Jack Smith’s Bad Immunity Day The Supreme Court focuses on the Presidency, not Trump.

https://www.wsj.com/articles/donald-trump-v-u-s-supreme-court-jack-smith-michael-dreeben-333fddb2?mod=opinion_lead_pos2

Special counsel Jack Smith should have been reading our contributor David Rivkin. If he’d been reading these pages, he might have foreseen Thursday’s oral argument at the Supreme Court before he indicted Donald Trump. Instead, the argument was a legal defeat for him and the Justice Department that could delay his prosecution past the November election.

Michael Dreeben, the Biden counsel, told the Justices that Mr. Trump and any other President deserve no immunity from criminal prosecution. But he ran into a skeptical set of Justices focused not on Mr. Trump’s case, but on the implications of the Dreeben-Smith position for the office of the Presidency.

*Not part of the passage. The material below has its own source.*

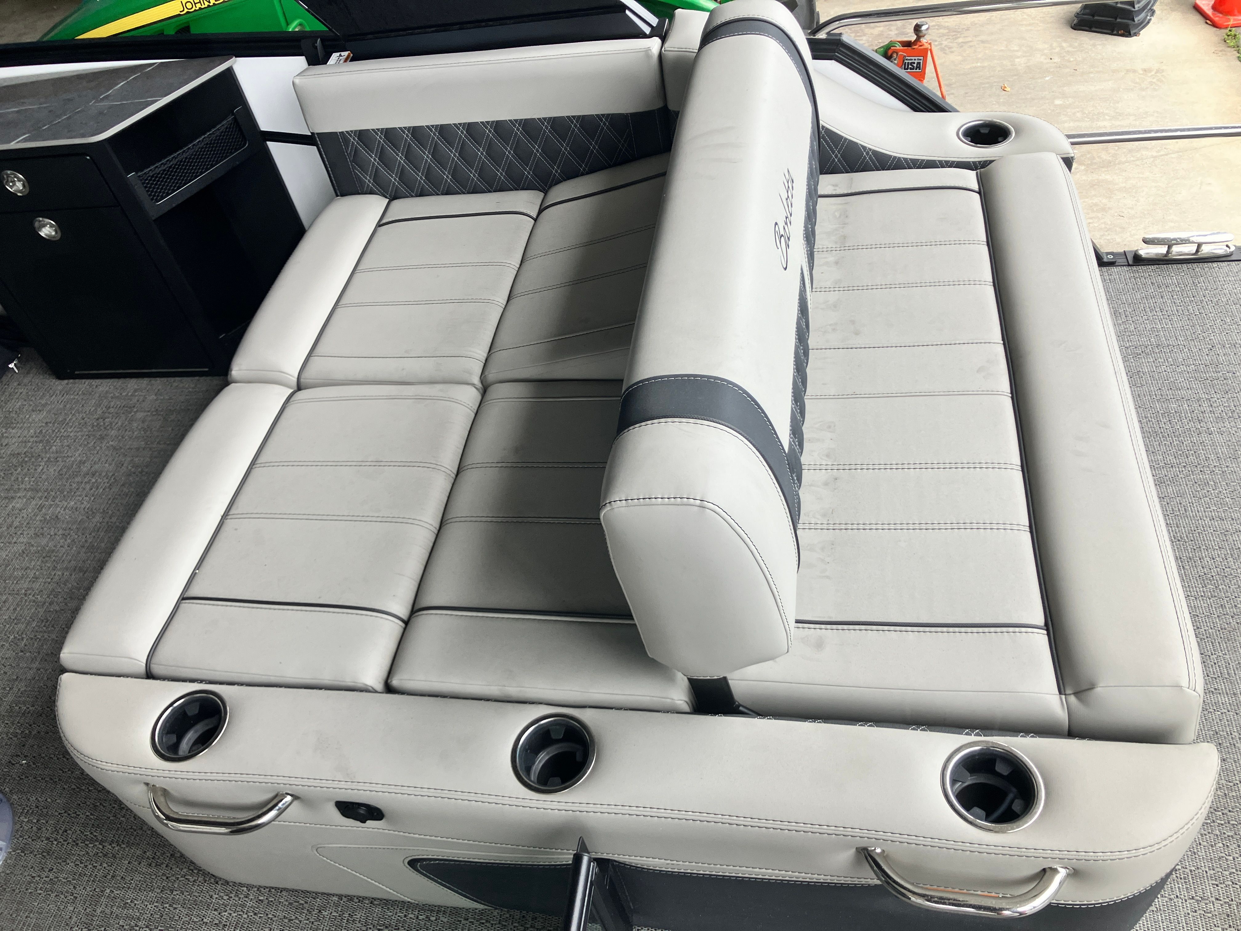 Owning the Barletta Lusso L25UEA means embracing a lifestyle of leisure, luxury, and fun. The spacious deck layout is perfect for hosting gatherings, whether you’re celebrating a special occasion or enjoying a casual day with loved ones. The plush seating invites you to unwind, while the ample space ensures everyone has room to stretch out and enjoy the ride.The Lusso L25UEA’s advanced engine and rigging deliver a smooth, quiet ride, making it easy to converse, listen to music, or simply soak in the natural beauty around you. The double bimini arches offer flexible shade options, so you can stay cool and comfortable even during the hottest summer days. With its elegant color scheme and high-end finishes, this pontoon boat is sure to turn heads wherever you go.

“I’m not concerned about this case,” said Justice Neil Gorsuch. “But I am concerned about future uses of the criminal law to target political opponents based on accusations about their motives.” He added that “we’re writing a rule for the ages.”

Justice Brett Kavanaugh offered a similar concern about the future impact of prosecutions on presidential decision-making on controversial subjects.

Mr. Dreeben’s reply was to suggest that this isn’t a problem because prosecutors don’t bring cases when there isn’t sufficient evidence for a conviction. He also said a President gets good legal advice from the Justice Department’s Office of Legal Counsel about what official acts are legal, so no President would commit such a crime.

The Justices made short work of that one, with Justice Samuel Alito reminding Mr. Dreeben that two Attorneys General were convicted of crimes, and how easy it is for a prosecutor to cajole a grand jury to indict someone.

Chief Justice John Roberts was especially scathing about the D.C. Circuit Court of Appeals ruling that a President has no immunity. That opinion argued—and Mr. Dreeben defended it—that “a former President can be prosecuted because he’s being prosecuted,” said the Chief. This ignores that Presidents have special obligations and must make decisions that set them part from any federal official, much less an average citizen.

Oral arguments aren’t always a signal of a future ruling, but it sounds as if a majority is prepared to find that Mr. Trump is immune from prosecution for actions that are part of his official duties. The key then is distinguishing between official and private actions, and the Justices may send the case back to trial court to consider the facts regarding the charges and evidence against Mr. Trump.

The press ignored nearly all of this in the runup to the oral agument, with many calling Mr. Trump’s claim absurd. Credit to the Justices for an educational hearing that focused on the right questions for the Presidency, the separation of powers, and the country.